Dataset items:
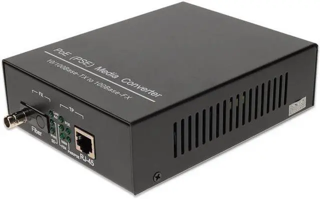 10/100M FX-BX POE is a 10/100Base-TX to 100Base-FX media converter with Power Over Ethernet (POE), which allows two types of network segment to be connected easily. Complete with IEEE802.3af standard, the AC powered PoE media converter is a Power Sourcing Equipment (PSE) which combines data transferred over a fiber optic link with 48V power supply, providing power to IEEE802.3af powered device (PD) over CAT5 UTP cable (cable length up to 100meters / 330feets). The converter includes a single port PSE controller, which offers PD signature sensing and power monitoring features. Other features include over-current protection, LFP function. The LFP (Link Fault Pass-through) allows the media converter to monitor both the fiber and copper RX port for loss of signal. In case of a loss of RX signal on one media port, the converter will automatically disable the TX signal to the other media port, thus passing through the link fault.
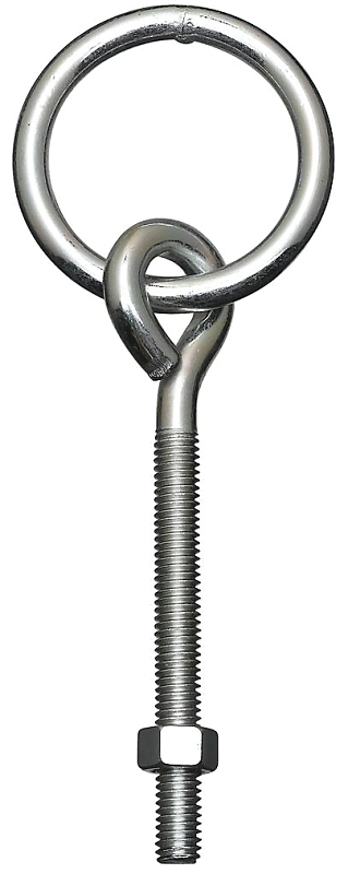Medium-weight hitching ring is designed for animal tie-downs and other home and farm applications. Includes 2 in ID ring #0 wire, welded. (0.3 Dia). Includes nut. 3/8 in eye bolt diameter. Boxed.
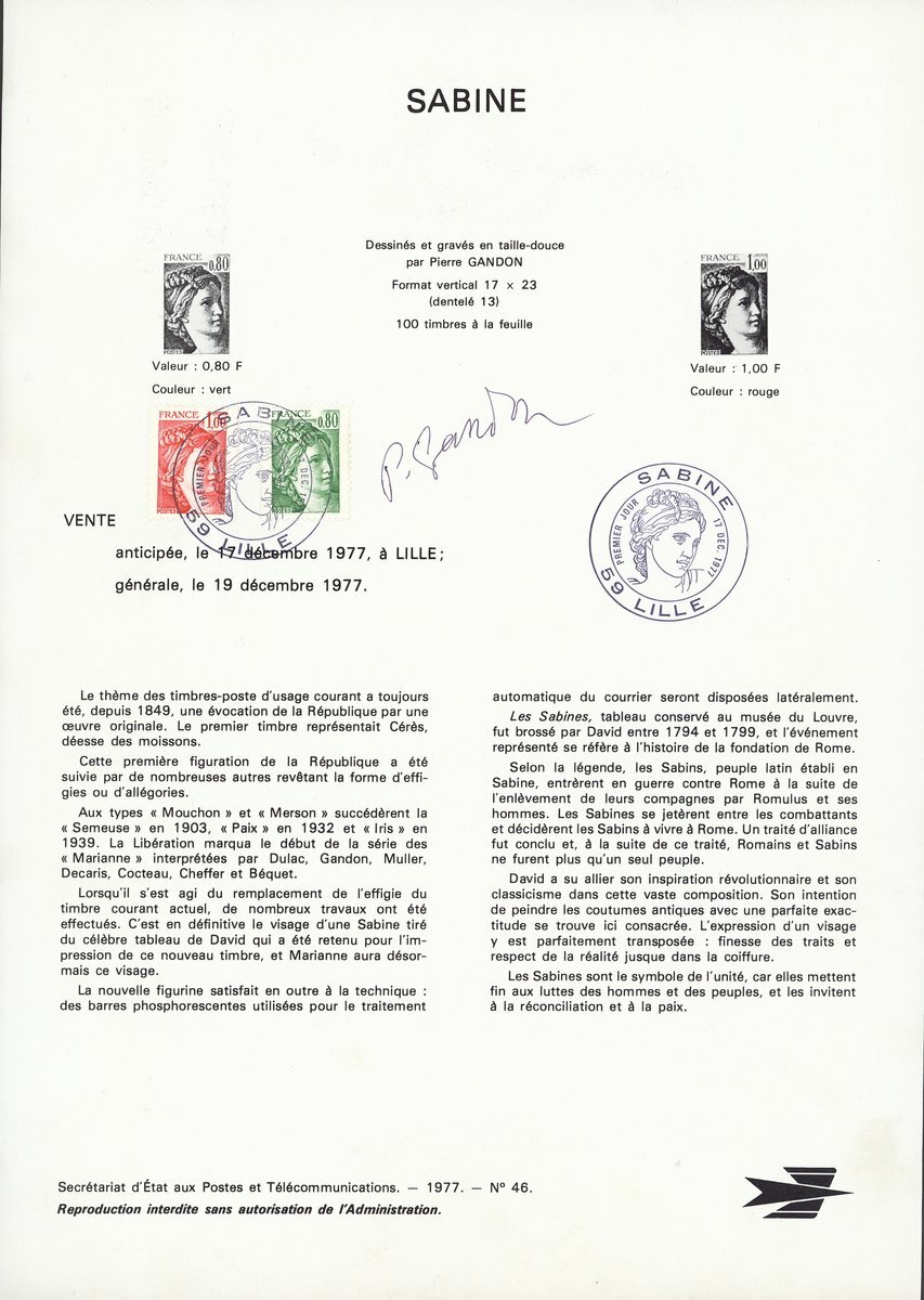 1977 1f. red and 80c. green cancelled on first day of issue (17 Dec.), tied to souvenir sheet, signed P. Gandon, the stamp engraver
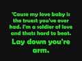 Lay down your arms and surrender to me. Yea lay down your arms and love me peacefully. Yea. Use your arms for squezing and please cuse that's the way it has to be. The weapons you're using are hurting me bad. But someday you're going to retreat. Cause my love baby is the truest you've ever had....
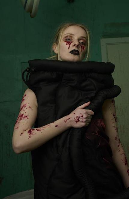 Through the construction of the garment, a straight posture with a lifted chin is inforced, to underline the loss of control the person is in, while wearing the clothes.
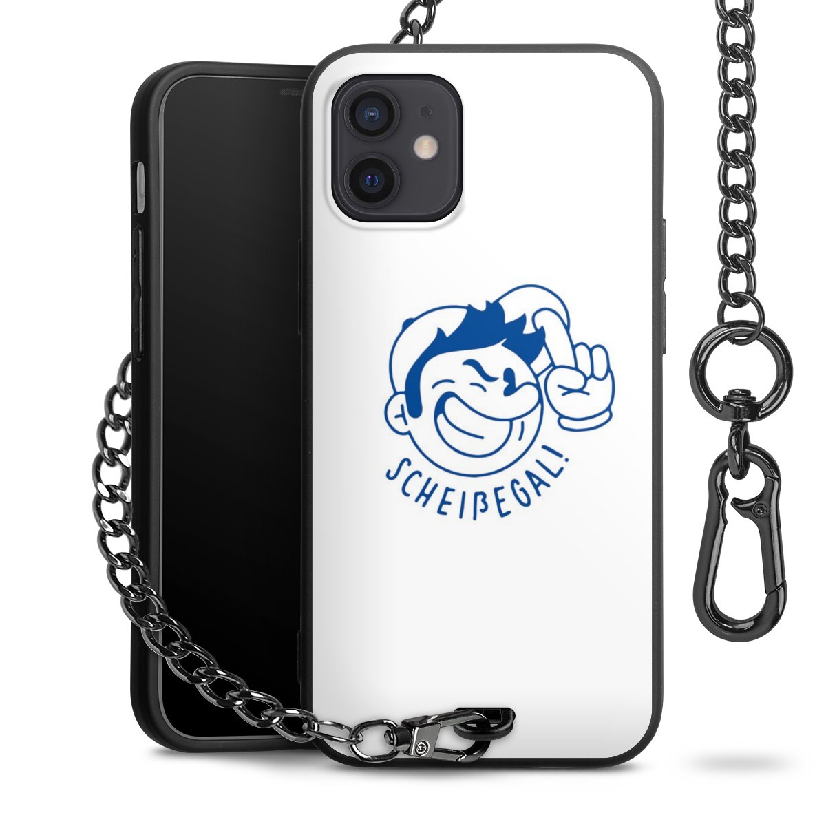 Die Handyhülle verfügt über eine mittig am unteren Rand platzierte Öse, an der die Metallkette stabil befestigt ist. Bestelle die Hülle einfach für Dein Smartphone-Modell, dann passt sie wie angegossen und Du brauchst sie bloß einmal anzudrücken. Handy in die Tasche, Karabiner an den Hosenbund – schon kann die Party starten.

--

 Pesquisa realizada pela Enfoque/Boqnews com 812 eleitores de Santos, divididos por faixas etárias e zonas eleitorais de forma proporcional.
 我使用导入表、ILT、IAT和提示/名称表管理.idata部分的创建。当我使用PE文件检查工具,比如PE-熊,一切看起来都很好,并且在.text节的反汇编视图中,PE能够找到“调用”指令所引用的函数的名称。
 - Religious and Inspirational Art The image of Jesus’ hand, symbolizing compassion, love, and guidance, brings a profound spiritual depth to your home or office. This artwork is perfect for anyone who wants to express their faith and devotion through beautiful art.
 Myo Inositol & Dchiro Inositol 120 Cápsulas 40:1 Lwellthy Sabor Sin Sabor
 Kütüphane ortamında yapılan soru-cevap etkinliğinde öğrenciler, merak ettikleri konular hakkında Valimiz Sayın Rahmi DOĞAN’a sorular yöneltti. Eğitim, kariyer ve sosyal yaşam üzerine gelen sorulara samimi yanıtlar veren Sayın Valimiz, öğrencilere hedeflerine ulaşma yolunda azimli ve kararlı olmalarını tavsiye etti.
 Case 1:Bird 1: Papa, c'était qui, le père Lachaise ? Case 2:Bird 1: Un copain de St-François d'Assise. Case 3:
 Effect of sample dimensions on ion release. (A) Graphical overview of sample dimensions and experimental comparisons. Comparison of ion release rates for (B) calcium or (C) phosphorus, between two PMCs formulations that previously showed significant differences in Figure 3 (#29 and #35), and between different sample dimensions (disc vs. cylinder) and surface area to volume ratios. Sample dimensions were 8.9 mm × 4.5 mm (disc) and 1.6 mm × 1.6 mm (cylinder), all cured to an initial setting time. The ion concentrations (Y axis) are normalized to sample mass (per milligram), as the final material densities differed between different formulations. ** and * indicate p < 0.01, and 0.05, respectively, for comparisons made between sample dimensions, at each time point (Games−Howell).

[Your instructions] Quote the data above exactly from the line with "10/100M FX-BX POE" to the line with "Through the construction", both ends counted, and nothing else. Pictures don't go in.

[Solved exercise]
 10/100M FX-BX POE is a 10/100Base-TX to 100Base-FX media converter with Power Over Ethernet (POE), which allows two types of network segment to be connected easily. Complete with IEEE802.3af standard, the AC powered PoE media converter is a Power Sourcing Equipment (PSE) which combines data transferred over a fiber optic link with 48V power supply, providing power to IEEE802.3af powered device (PD) over CAT5 UTP cable (cable length up to 100meters / 330feets). The converter includes a single port PSE controller, which offers PD signature sensing and power monitoring features. Other features include over-current protection, LFP function. The LFP (Link Fault Pass-through) allows the media converter to monitor both the fiber and copper RX port for loss of signal. In case of a loss of RX signal on one media port, the converter will automatically disable the TX signal to the other media port, thus passing through the link fault.
Medium-weight hitching ring is designed for animal tie-downs and other home and farm applications. Includes 2 in ID ring #0 wire, welded. (0.3 Dia). Includes nut. 3/8 in eye bolt diameter. Boxed.
 1977 1f. red and 80c. green cancelled on first day of issue (17 Dec.), tied to souvenir sheet, signed P. Gandon, the stamp engraver
 Lay down your arms and surrender to me. Yea lay down your arms and love me peacefully. Yea. Use your arms for squezing and please cuse that's the way it has to be. The weapons you're using are hurting me bad. But someday you're going to retreat. Cause my love baby is the truest you've ever had....
 Through the construction of the garment, a straight posture with a lifted chin is inforced, to underline the loss of control the person is in, while wearing the clothes.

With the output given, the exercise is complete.